This article is more than 1 year old

Russia to ban all VPNs – again – says senator

Putin Zuck out of business is one goal of this repeat effort to close off internet tunnels

Russia intends to prohibit VPNs being offered in the nation's app stores starting in 2024.

A Tuesday report in local outlet RIA quotes senator Artem Sheikin as saying that Russia's telecoms regulator, Roskomnadzor, will block any VPNs that allow access to banned material.

The senator said the ban's intent is to stop Russians getting access to all inappropriate material – but especially social networks operated by Meta, as Russia regards Zuck's biz as an extremist organization.

The report suggests that Roskomnadzor will intervene to stop VPNs from reaching resources banned within Russian borders.

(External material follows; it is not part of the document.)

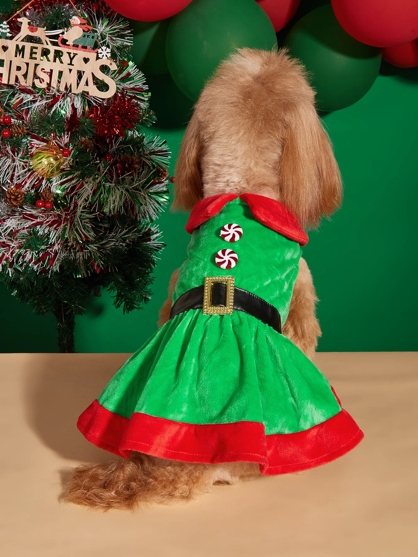 Vestidos de espíritu de perro para perros pequeños, collares, disfraz de cachorro con cinturón, botones en forma de caramelo, ropa cálida para mascotas, aplicación suave

Which sounds like a big win for Vladimir Putin's regime of pervasive censorship – save for the fact that he's been trying to crack down on VPNs for years with precious little success.

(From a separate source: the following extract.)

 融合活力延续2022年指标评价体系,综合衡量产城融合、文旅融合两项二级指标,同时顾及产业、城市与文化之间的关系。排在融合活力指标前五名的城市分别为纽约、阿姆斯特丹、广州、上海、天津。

In 2017 The Register reported Putin's plan to purge VPNs by blocking access to sites that provide them.

But in 2022 – when Moscow tightened censorship rules to prevent the populace from reading information that challenged its pathetic pretext for the illegal invasion of Ukraine – Russian citizens flocked to VPNs to access the content they craved.

Moscow now apparently wants to neuter those VPNs, with the senator saying bans will come into force from March 1.

Roskomnadzor itself hasn't mentioned the looming deadline for VPN eviction, and the senator has offered no detail on how Moscow intends to make this ban work where others have failed.

VPN vendors and operators know their products are controversial, and are wise to countermeasures that help users evade bans – if only because customers are unlikely to keep paying if their network tunnels hit dead ends. Whatever Roskomnadzor comes up with is therefore likely to spark an arms race between Moscow and VPN operators.

Whether Roskomnadzor has the wherewithal to detect and deflect open source VPNs is also unknown, while side-loading VPNs onto mobile devices will also challenge the regulator's chops.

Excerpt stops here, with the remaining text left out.